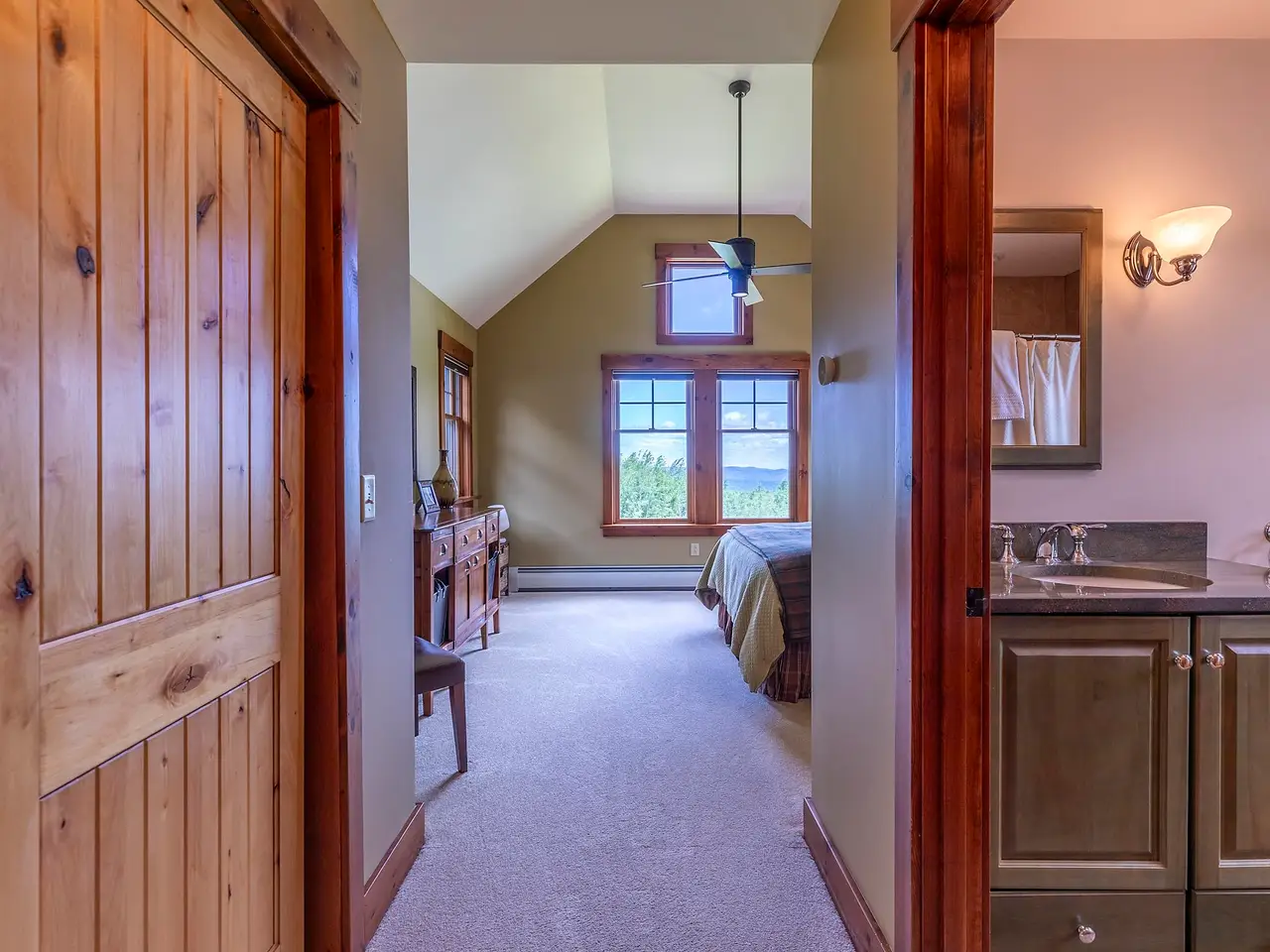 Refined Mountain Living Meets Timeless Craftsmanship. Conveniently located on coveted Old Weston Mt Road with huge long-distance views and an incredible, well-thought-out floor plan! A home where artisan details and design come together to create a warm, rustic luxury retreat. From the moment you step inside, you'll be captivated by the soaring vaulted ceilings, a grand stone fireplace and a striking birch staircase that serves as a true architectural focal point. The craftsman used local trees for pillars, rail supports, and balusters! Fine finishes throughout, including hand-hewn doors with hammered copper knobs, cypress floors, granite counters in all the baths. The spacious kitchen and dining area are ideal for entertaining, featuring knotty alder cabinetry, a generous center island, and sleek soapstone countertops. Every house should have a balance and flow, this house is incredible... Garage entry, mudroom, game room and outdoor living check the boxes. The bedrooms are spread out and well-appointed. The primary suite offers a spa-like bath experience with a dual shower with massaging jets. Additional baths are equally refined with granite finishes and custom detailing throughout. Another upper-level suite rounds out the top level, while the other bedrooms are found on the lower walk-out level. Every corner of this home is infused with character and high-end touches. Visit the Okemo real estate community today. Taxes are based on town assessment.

==

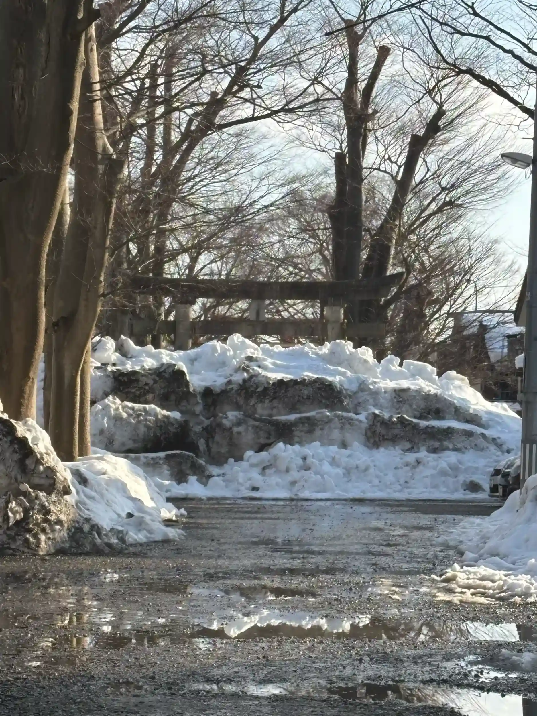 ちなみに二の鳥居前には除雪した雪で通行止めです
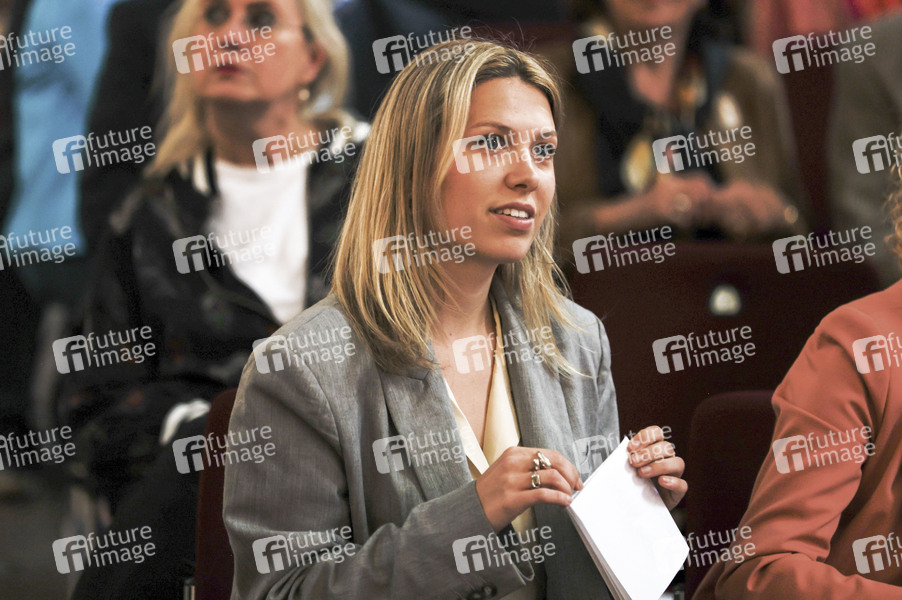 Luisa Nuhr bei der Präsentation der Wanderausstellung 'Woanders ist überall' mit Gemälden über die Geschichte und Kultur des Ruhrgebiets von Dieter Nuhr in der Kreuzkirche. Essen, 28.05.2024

ABOUT THIS TASK:
Though the entries above contain pictures, none should be copied; reproduce only the lines between the one holding "ちなみに二の鳥居前には除雪した雪で通行止めです" and the one holding "Luisa Nuhr bei", inclusive, exactly as written.

REPLY TO THE TASK:
 ちなみに二の鳥居前には除雪した雪で通行止めです
 Luisa Nuhr bei der Präsentation der Wanderausstellung 'Woanders ist überall' mit Gemälden über die Geschichte und Kultur des Ruhrgebiets von Dieter Nuhr in der Kreuzkirche. Essen, 28.05.2024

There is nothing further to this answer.